§ **How to complete this task**:
Without the pictures, set down every line of the data exactly.

§ **Given data**:
┌──

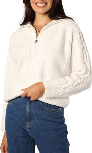 Puffy cable stitches add classic detailing to this pullover fronted by a quarter-zip closure for easy on-offs.
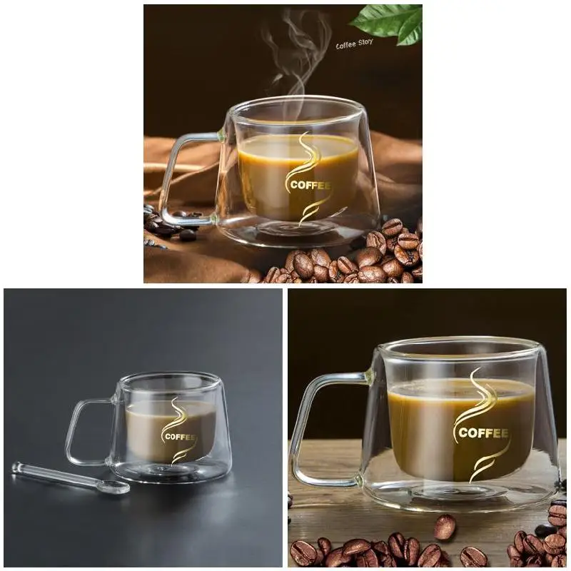 Кофейная кружка, чашка для эспрессо, термостеклянные высококачественные боросиликатные кружки с двойными стенками GQ
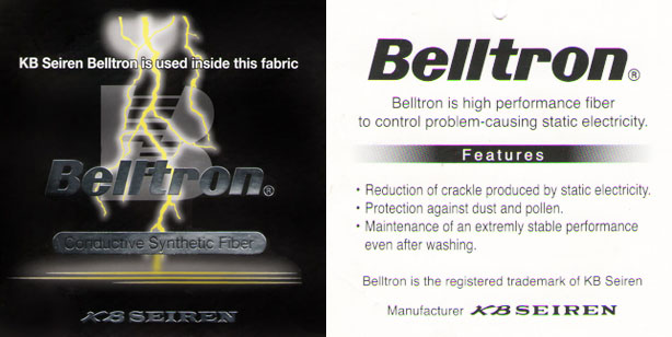 Belltron® คือนวัตกรรมใหม่ล่าสุดจากญี่ปุ่น ใช้ในการผลิตผ้า มีคุณสมบัติป้องกันไฟฟ้าสถิต แบบถาวร สามารถนำไปใช้ในอุตสาหกรรม อิเล็กโทรนิค คอมพิวเตอร์ เลนส์ และเหมาะสำหรับผู้ที่เป็นโรค ภูมิแพ้ โดย Belltron® สามารถป้องกันฝุ่น ละอองเกสรดอกไม้ติดตามเสื้อผ้า คุณภาพในการป้องกันไฟฟ้าสถิตไม่เสื่อมสภาพไปหลังการซักล้าง เพราะเป็นการผสม CONDUCTIVE FIBER ในเส้นใย ไม่เหมือนผ้าอื่น ที่ทำแค่เคลือบน้ำยาป้องกันไฟฟ้าสถิต และจางหายหลังจากการซักล้าง
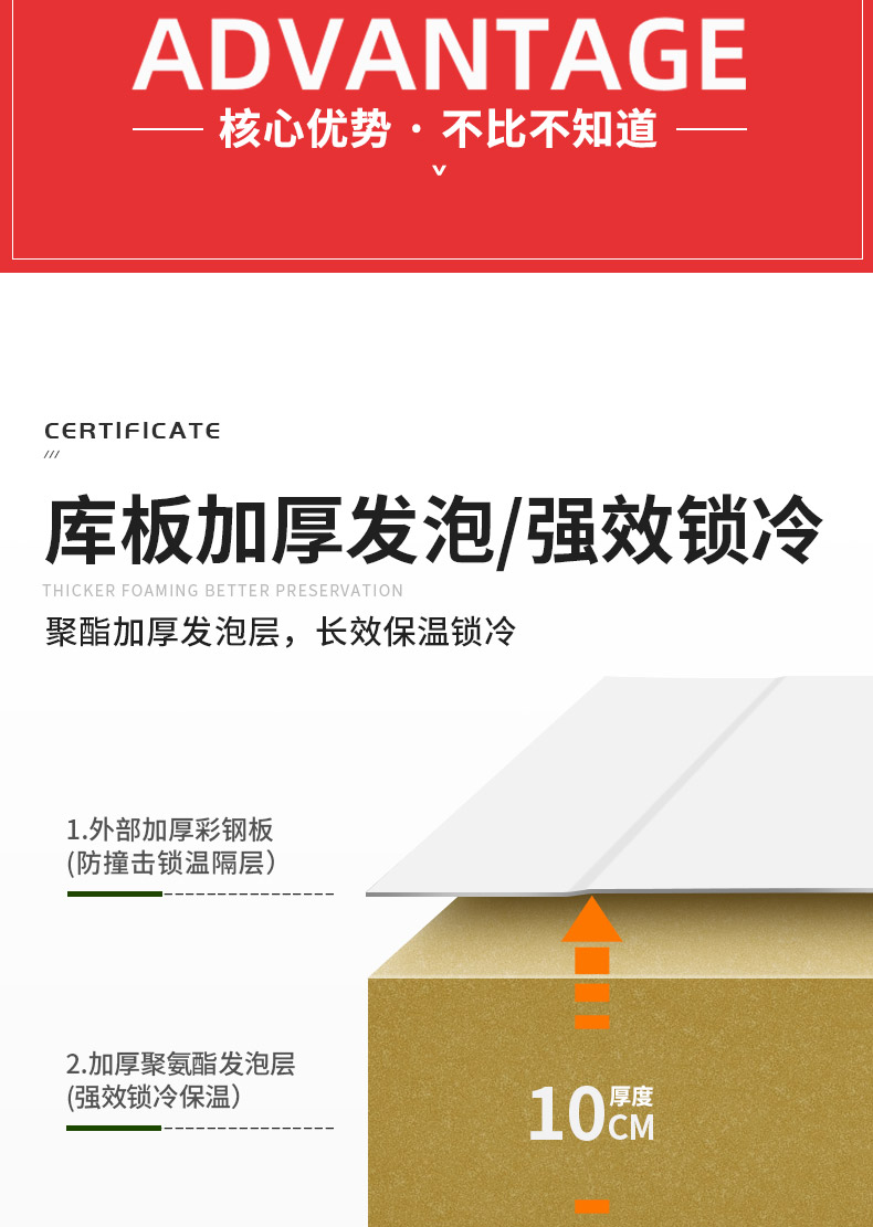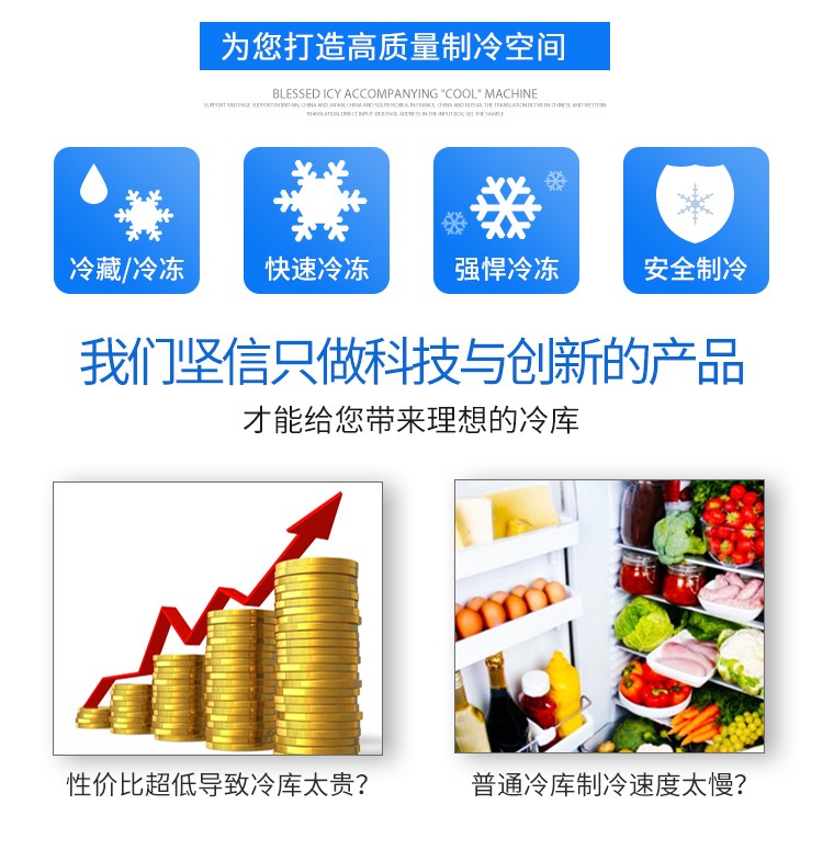 冰菱公司的組合拼裝式可移動的室內(nèi)、室外、大、中、小型冷庫,積累多年的制造和安裝施工經(jīng)驗,運用最為先進的制冷技術和保溫板制造技術,其重量輕,強度高、隔熱性能好, 耐腐蝕、抗老化。

└──

§ **Task response**:
 Puffy cable stitches add classic detailing to this pullover fronted by a quarter-zip closure for easy on-offs.
 Кофейная кружка, чашка для эспрессо, термостеклянные высококачественные боросиликатные кружки с двойными стенками GQ
 Belltron® คือนวัตกรรมใหม่ล่าสุดจากญี่ปุ่น ใช้ในการผลิตผ้า มีคุณสมบัติป้องกันไฟฟ้าสถิต แบบถาวร สามารถนำไปใช้ในอุตสาหกรรม อิเล็กโทรนิค คอมพิวเตอร์ เลนส์ และเหมาะสำหรับผู้ที่เป็นโรค ภูมิแพ้ โดย Belltron® สามารถป้องกันฝุ่น ละอองเกสรดอกไม้ติดตามเสื้อผ้า คุณภาพในการป้องกันไฟฟ้าสถิตไม่เสื่อมสภาพไปหลังการซักล้าง เพราะเป็นการผสม CONDUCTIVE FIBER ในเส้นใย ไม่เหมือนผ้าอื่น ที่ทำแค่เคลือบน้ำยาป้องกันไฟฟ้าสถิต และจางหายหลังจากการซักล้าง
 冰菱公司的組合拼裝式可移動的室內(nèi)、室外、大、中、小型冷庫,積累多年的制造和安裝施工經(jīng)驗,運用最為先進的制冷技術和保溫板制造技術,其重量輕,強度高、隔熱性能好, 耐腐蝕、抗老化。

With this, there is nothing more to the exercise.